- The poster for UFC Fight Night: Maia vs. LaFlare
- Promotion: Ultimate Fighting Championship
- Date: March 21, 2015
- Venue: Ginásio do Maracanãzinho
- City: Rio de Janeiro, Brazil
- Attendance: 7,707

Event chronology
| UFC 185: Pettis vs. dos Anjos | UFC Fight Night: Maia vs. LaFlare | UFC Fight Night: Mendes vs. Lamas |

= UFC Fight Night: Maia vs. LaFlare =

UFC mixed martial arts event in 2015

UFC Fight Night: Maia vs. LaFlare (also known as UFC Fight Night 62) was a mixed martial arts event held on March 21, 2015, at the Ginásio do Maracanãzinho in Rio de Janeiro, Brazil.

==Background==
After hosting a PPV event at the venue and some others at HSBC Arena, the event was the first Fight Night that the UFC has hosted in Rio de Janeiro.

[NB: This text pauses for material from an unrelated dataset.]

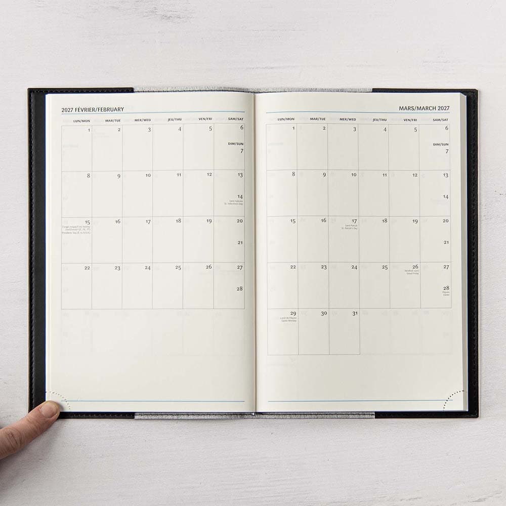 Le Gama est parmi nos agendas les plus populaires. Avec sa couverture souple et flexible, il est disponible en 6 couleurs. Idéal pour celles et ceux qui aiment avoir de l’espace pour personnaliser leur agenda : une généreuse section de notes est présente sur chaque page. La grille de 1 semaine sur 2 pages permet d’avoir un coup d’œil immédiat sur la semaine en cours. Il inclut aussi une section de planification mensuelle de 12 pages (1 mois par page) et 18 pages de notes lignées. L’agenda s’ouvre à plat et toujours à la bonne page, grâce à ses coins détachables.

The event was expected to be headlined by a bantamweight rematch between Urijah Faber and Raphael Assunção. However, on February 2, Assunção was forced out of the bout as his ankle, injured in mid-December 2014, was slow to heal and he was unable to resume the proper training to prepare for the fight in that time frame. The UFC also removed Faber from the card and promoted a welterweight bout between Demian Maia and Ryan LaFlare to the main event.

Matt Wiman was expected to face Leonardo Santos at the event. However, on February 11, Wiman pulled out of the bout citing a back injury and was replaced by Anthony Rocco Martin.

Josh Thomson was expected to face Gilbert Burns at the event. However, on February 26, Thomson pulled out of the fight with an undisclosed injury, while Burns remained on the card and faced promotional newcomer Alex Oliveira.

Ben Saunders was expected to face Erick Silva at the event. However, on March 6, Saunders pulled out of the bout due to an injury. He was replaced by Josh Koscheck. Koscheck had previously fought just 21 days before this event at UFC 184, losing his fight against Jake Ellenberger.

A lightweight fight between Leandro Silva and Drew Dober ended with controversy as referee Eduardo Herdy stopped the bout at 2:45 of the second round for no apparent reason, as Dober had already escaped a guillotine choke attempt. The result was met with an enormous number of complaints from several people related to mixed martial arts. Dober was paid his win bonus regardless. Although initially announcing the controversial result would stand, the Comissão Atlética Brasileira de MMA (CABMMA) – Brazilian MMA Athletic Commission – overturned Silva's win and declared the fight a no-contest on March 26.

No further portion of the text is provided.